Éviter les biais en recherche qualitative est possible

Finalement, les préjugés non vérifiés prennent souvent le dessus sur la vérité objective. Dès la première rencontre, les hypothèses apparaissent discrètement et peuvent très vite façonner les interprétations. Lorsque ces opinions se figent, il devient alors beaucoup plus complexe d’ouvrir le champ à de nouvelles perspectives.

Chez Sylvestre & Co., nous nous efforçons constamment de remettre en question nos idées préconçues, explique Rami : « la diversité de notre équipe est un atout qui nous aide à combattre efficacement les préjugés que l’on peut avoir. De cette manière, nous apprenons non seulement à identifier les biais qui influencent notre travail, mais également à exploiter la richesse de nos différents points de vue ».

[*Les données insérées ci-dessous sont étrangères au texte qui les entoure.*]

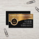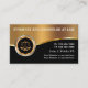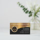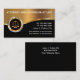 Modelo de cartão de visita de negócios de procurador com elementos de design de ouro simulados impressos digitalmente, incluindo o emblema de justiça em escala dourada, juntamente com um layout de texto que você pode personalizar facilmente on-line. Concebidos como cartão de visita de advogado para uma prática de direito ou serviços jurídicos.
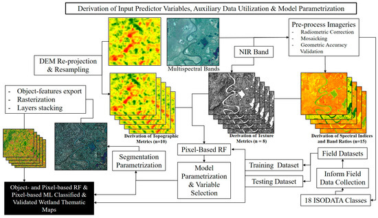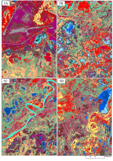 Thus, in our field-based analyses of a large wetland system in Siberian Russia with nearly 20 different structural and vegetative habitat and wetland classes, we sought analyze the differences in overall accuracy when comparing between three classification methods (pixel-based ML and RF, and object-based RF), constraining our analyses to use the same input field and remote-sensing datasets. The outcome of this study, therefore, assists end-users in selecting (and parameterizing) the proper classifier to analyze the structure of the world’s imperiled and complex wetlands.
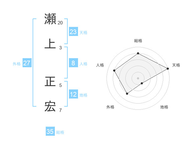 瀬上 正宏さんの天格は23画の5点!

Et cela illustre d’ailleurs bien comment nous nous efforçons en permanence d’éviter les biais dans nos différents projets de recherche. Bien qu’il s’agisse d’un processus d’apprentissage constant, adopter une bonne attitude, être conscient des enjeux et garder un esprit ouvert nous permettent de réduire voire d’éliminer les biais que nous avons vus précédemment. De cette manière, nos mandats de recherche peuvent délivrer des résultats clairs et impactant.

« Je ne pense pas que nous ne puissions jamais être complètement libres de biais », explique Rami. « Cependant, nous nous efforçons de conduire nos recherches qualitatives avec des points de vue plus éclairés et inclusifs. À mon sens, c’est cela qui enrichit nos analyses et les rend plus détaillées. »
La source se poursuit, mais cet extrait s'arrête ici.